Task objective: Could you repeat the listing exactly, leaving out the pictures?

Information supplied:
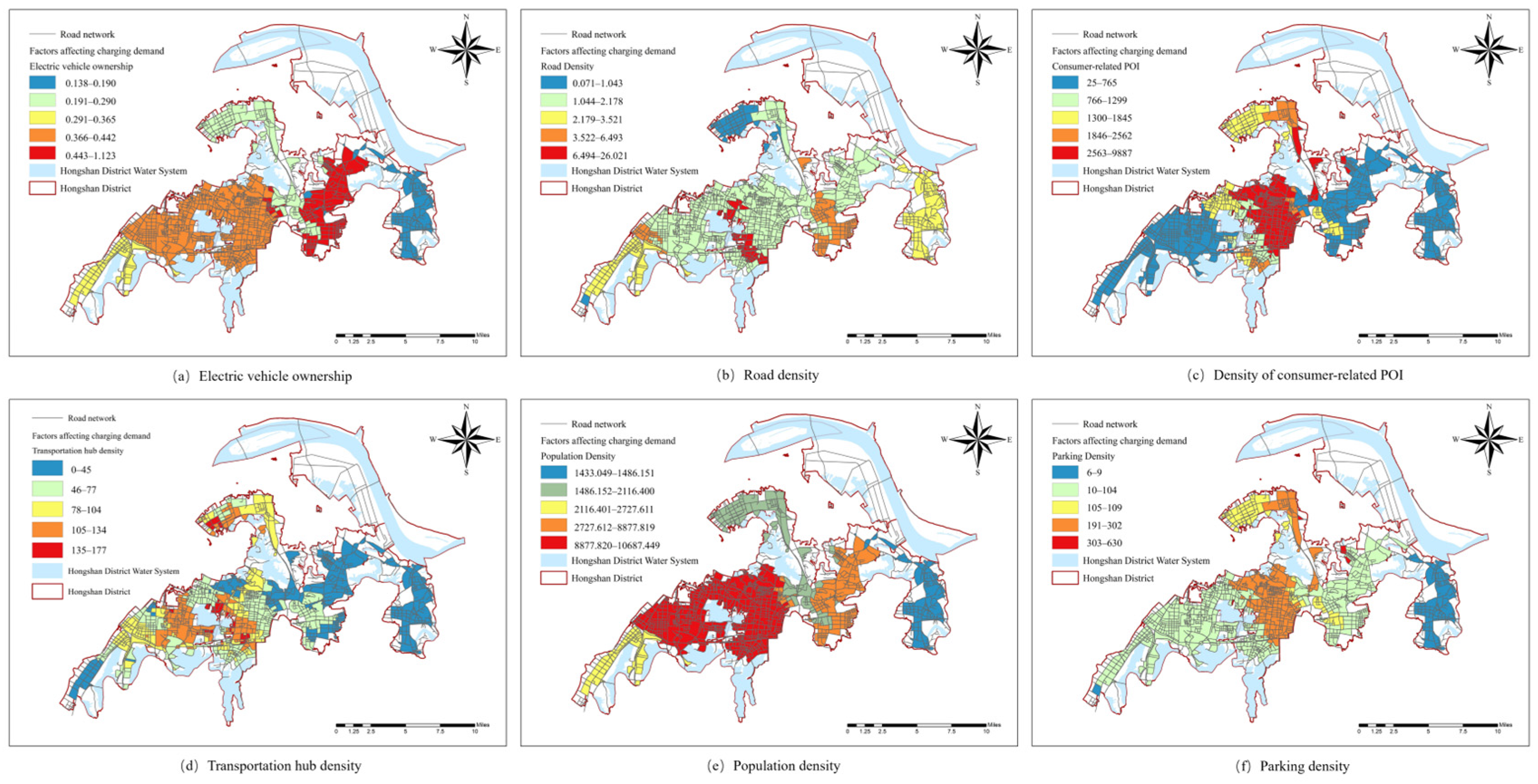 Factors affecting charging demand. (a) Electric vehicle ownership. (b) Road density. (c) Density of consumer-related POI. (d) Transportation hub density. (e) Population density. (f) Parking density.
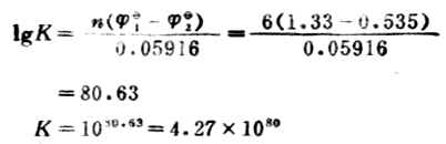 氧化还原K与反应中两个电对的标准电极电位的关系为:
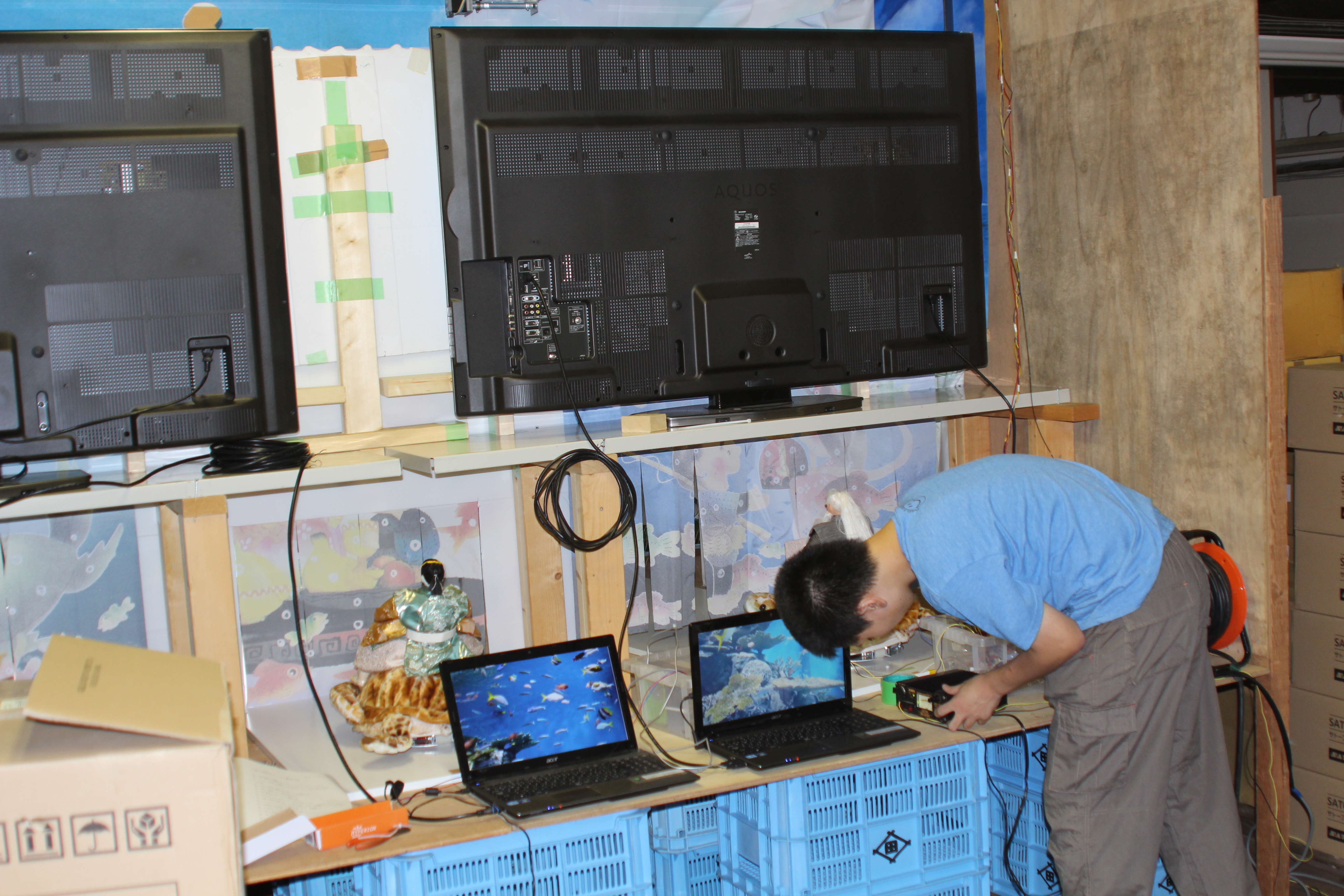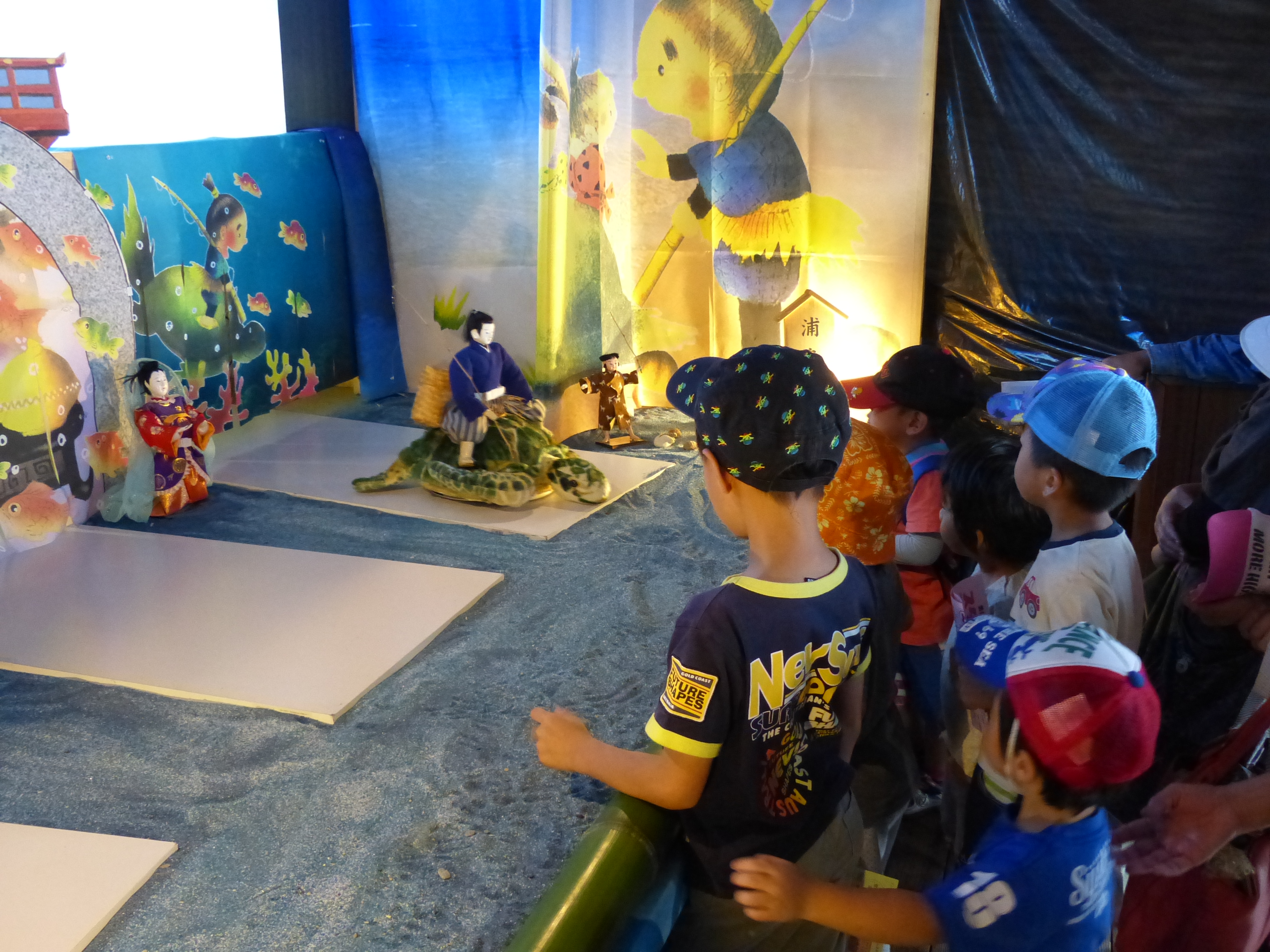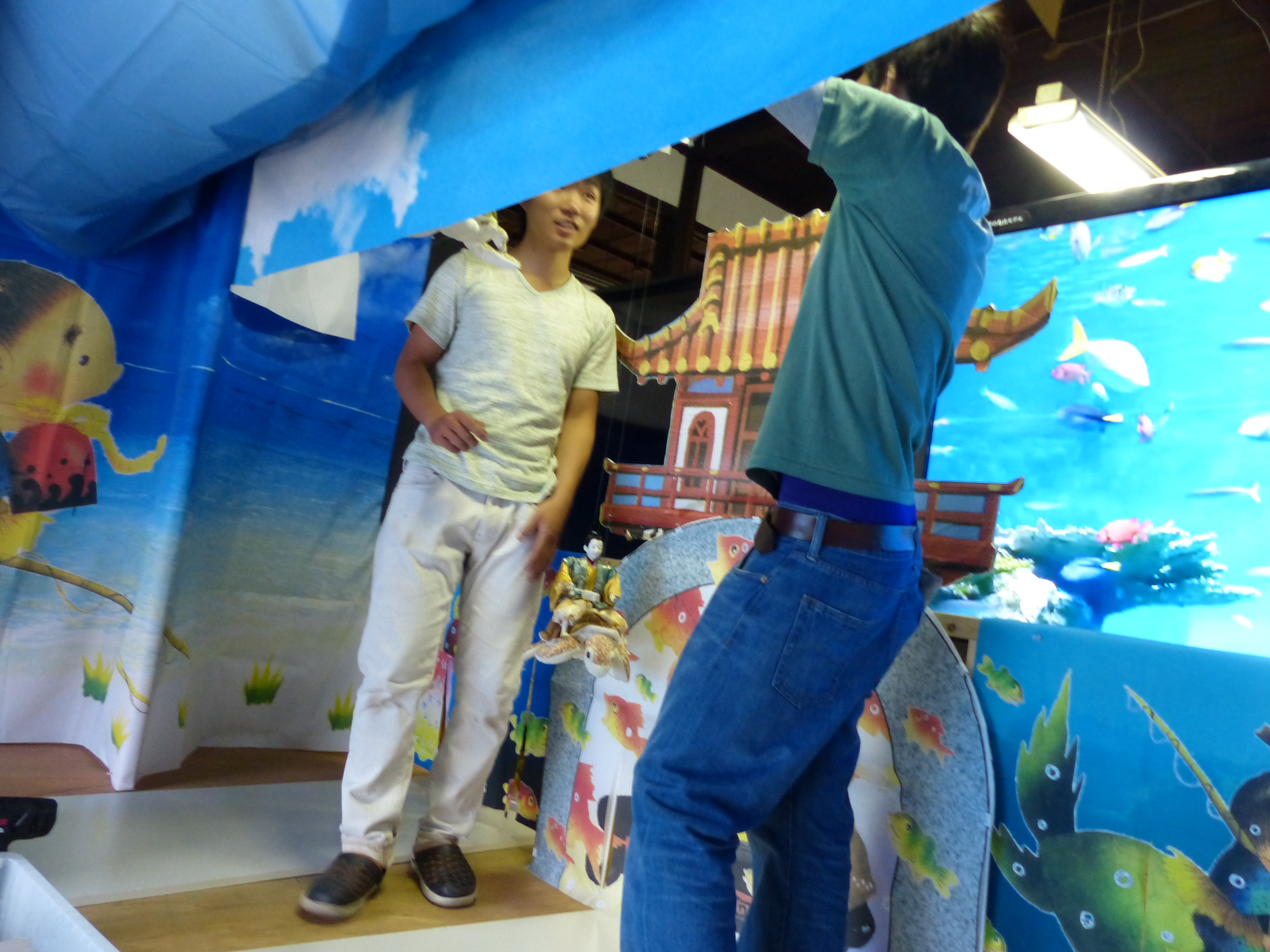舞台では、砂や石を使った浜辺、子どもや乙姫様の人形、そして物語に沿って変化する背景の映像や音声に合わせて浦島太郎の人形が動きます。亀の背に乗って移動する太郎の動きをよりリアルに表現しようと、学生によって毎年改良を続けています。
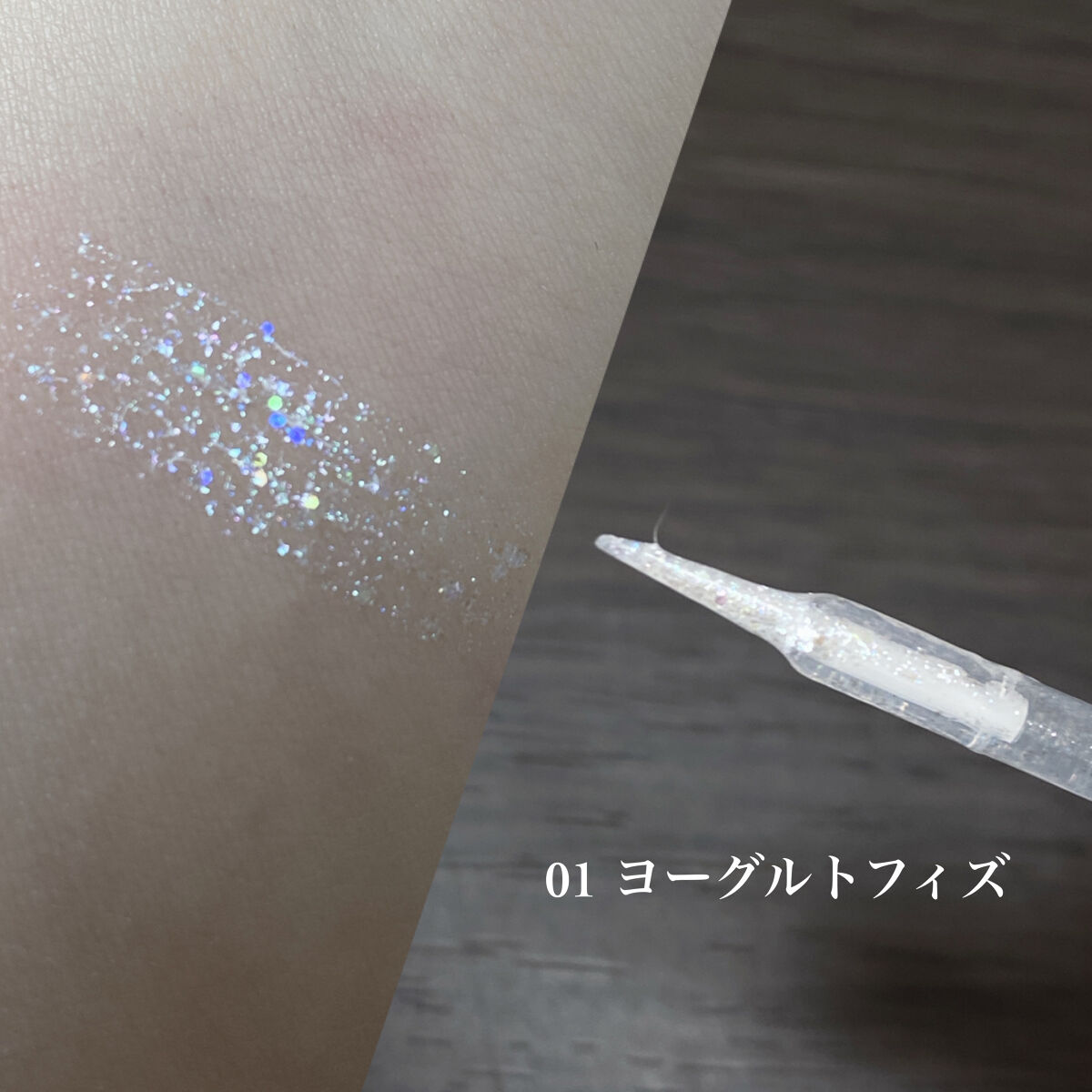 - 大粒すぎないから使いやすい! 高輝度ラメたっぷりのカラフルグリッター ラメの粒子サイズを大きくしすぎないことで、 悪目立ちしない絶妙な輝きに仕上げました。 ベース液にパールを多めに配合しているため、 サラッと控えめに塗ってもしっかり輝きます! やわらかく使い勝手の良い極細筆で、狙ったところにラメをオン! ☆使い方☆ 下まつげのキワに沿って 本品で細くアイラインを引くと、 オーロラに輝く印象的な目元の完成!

Written solution:
 Factors affecting charging demand. (a) Electric vehicle ownership. (b) Road density. (c) Density of consumer-related POI. (d) Transportation hub density. (e) Population density. (f) Parking density.
 氧化还原K与反应中两个电对的标准电极电位的关系为:
舞台では、砂や石を使った浜辺、子どもや乙姫様の人形、そして物語に沿って変化する背景の映像や音声に合わせて浦島太郎の人形が動きます。亀の背に乗って移動する太郎の動きをよりリアルに表現しようと、学生によって毎年改良を続けています。
 - 大粒すぎないから使いやすい! 高輝度ラメたっぷりのカラフルグリッター ラメの粒子サイズを大きくしすぎないことで、 悪目立ちしない絶妙な輝きに仕上げました。 ベース液にパールを多めに配合しているため、 サラッと控えめに塗ってもしっかり輝きます! やわらかく使い勝手の良い極細筆で、狙ったところにラメをオン! ☆使い方☆ 下まつげのキワに沿って 本品で細くアイラインを引くと、 オーロラに輝く印象的な目元の完成!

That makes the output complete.